Warning: Instability detected. Aborting
┌ Warning: First function call produced NaNs. Exiting.
└ @ OrdinaryDiffEq ~/.julia/packages/OrdinaryDiffEq/6gTvi/src/initdt.jl:203
┌ Warning: Automatic dt set the starting dt as NaN, causing instability.
└ @ OrdinaryDiffEq ~/.julia/packages/OrdinaryDiffEq/6gTvi/src/solve.jl:510
┌ Warning: NaN dt detected. Likely a NaN value in the state, parameters, or derivative value caused this outcome.
└ @ SciMLBase ~/.julia/packages/SciMLBase/7GnZA/src/integrator_interface.jl:325
┌ Warning: First function call produced NaNs. Exiting.

If I use the method of finding the roots of nonlinear equations to obtain the equilibrium, I will find the following errors

ERROR: LoadError: MethodError: no method matching (::var"#dudt_#8"{CuArray{Int64, 1, CUDA.Mem.DeviceBuffer}})(::CuArray{Float32, 1, CUDA.Mem.DeviceBuffer}, ::CuArray{Float32, 1, CUDA.Mem.DeviceBuffer})
Closest candidates are:(::var"#dudt_#8")(::Any, ::Any, ::Any)
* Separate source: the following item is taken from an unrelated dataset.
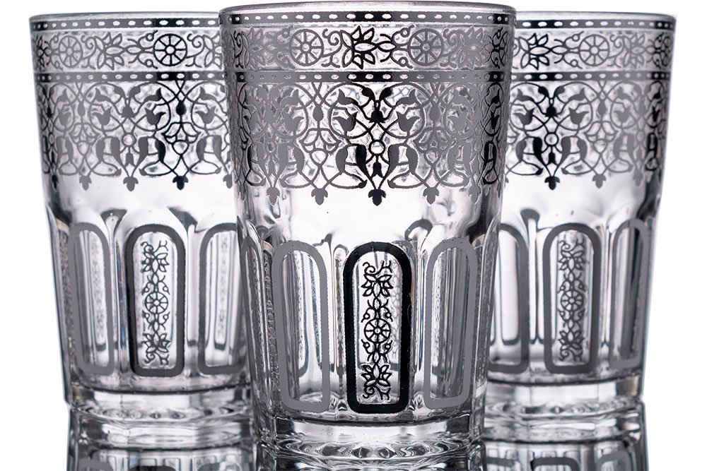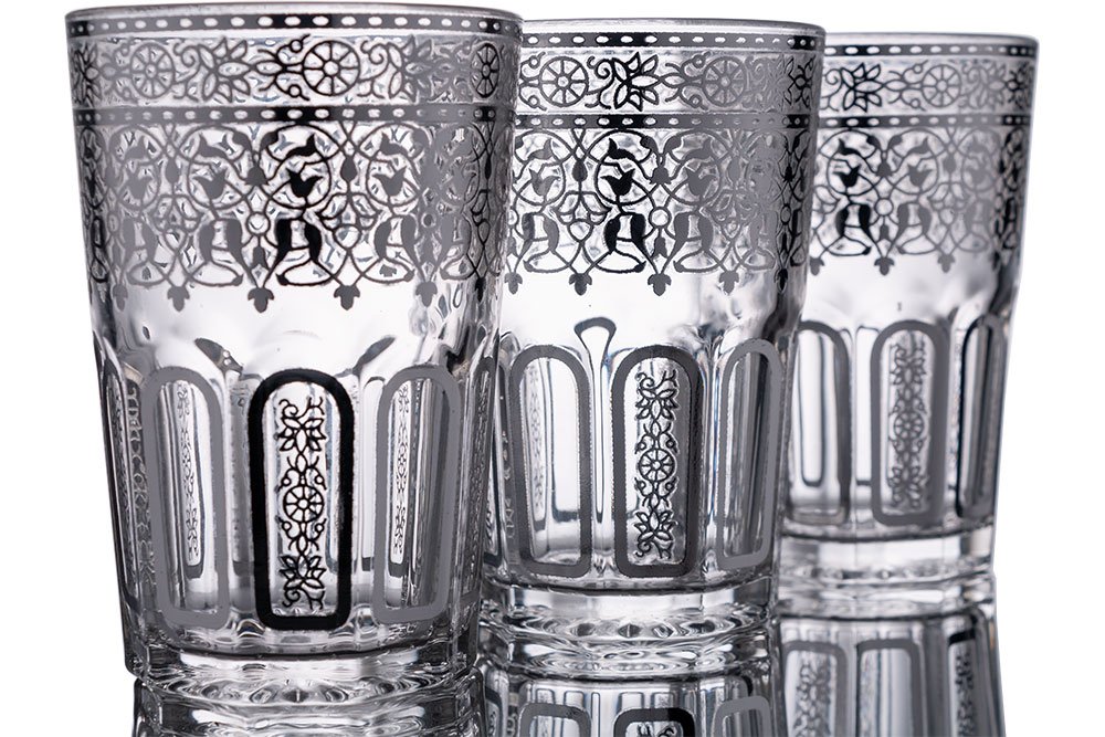 Lieferumfang und Maßen: 1 x Bavary | Gemusterte Wasserglas Set | 12 Teilig | Glas | Silber | By-2307-1
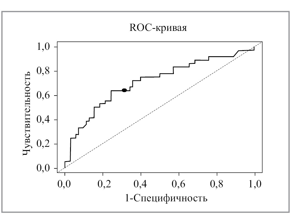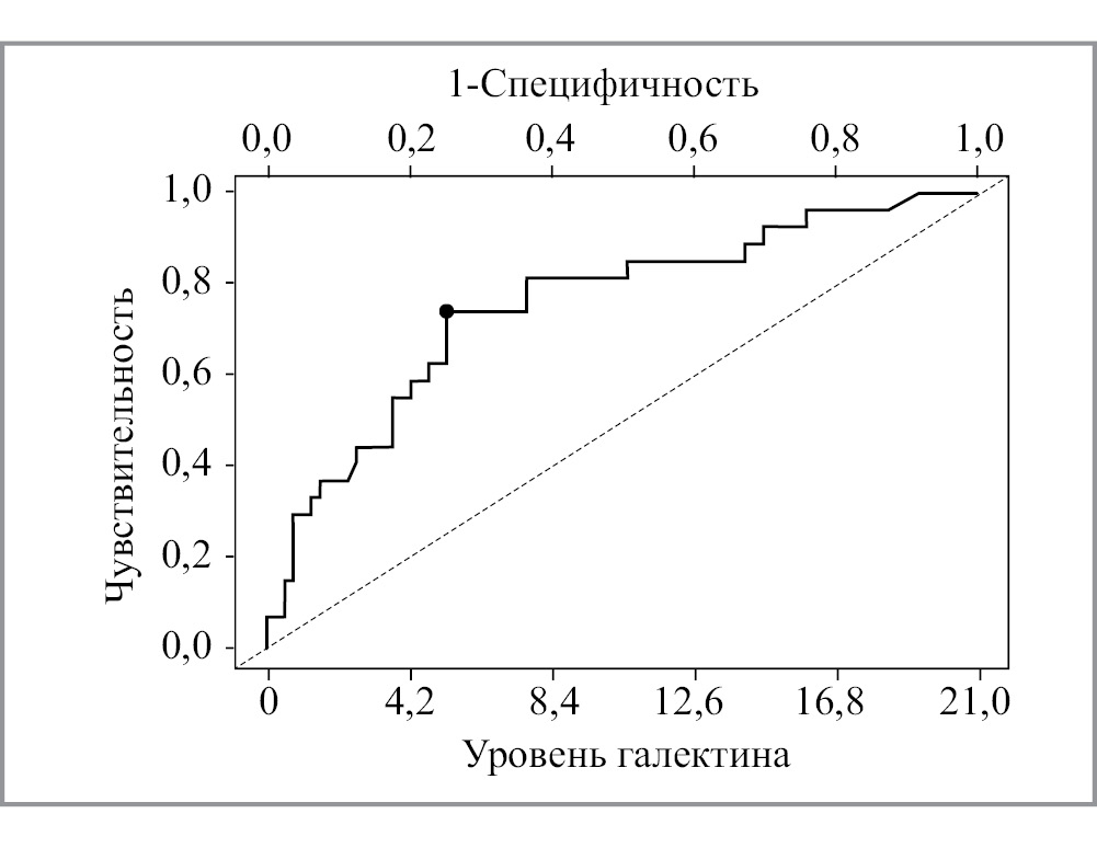На рис. 3 черной точкой отмечены значения чувствительности (64%) и специфичности (69%) при уровне галектина-3, равном 4,79 нг/мл. Такой уровень галектина, предсказанный регрессионной прямой, соответствует плотности ФП, равной 9,0 кПа (F3–F4).

How to adjust to make it work well?

In addition, I would like to ask the Key question raised by @ChrisRackauckas: Is there any difference between re(_p)(x) and re(_p)(u+x)?

Thanks. :grinning:

1 Like

Yeah… we mentioned in the blog post that one issue with the DEQ approach is that not all dynamical systems have steady states. x_{n+1} = f(x_n) or u' = f(u) could just blow up to infinity as n->inf or t->inf, and that is the case for you here. What you need to do is ensure that the start of your system has a steady state to begin with. The easy way to do that is to force some sufficient conditions for steady state behavior. With ODEs, if f'(u_ss) < 0 near some u_ss for which f(u_ss) = 0 (there’s similar contraction results that hold on discrete systems as well). Thus what you can do is try to make the RHS have a smaller derivative to start with, say:

   function dudt_(u, _p, t)
        re(_p)(u)/100 - u
    end

would have a higher chance of having steady state behavior for a random initialized neural network than not having the normalization. Then of course the training may compensate by multiplying by 100, but basically all you need is to make sure it starts. If the first solve is unstable, then it can never train, so it’s really just forcing there to be a starting point.

What do you mean by that?

If you don’t have the u in there, then the steady state is just u = NN(x) so you don’t need the numerical solver and can just call the NN.

1 Like

Even if f'(u_{ss}) < 0 and f(u_{ss}) = 0, there is no guarantee that the solution of the IVP

u'=f(u); u(0) = u_0

will converge to u_{ss } as t \to \infty. So you may need to pay some attention to the initial data u_0.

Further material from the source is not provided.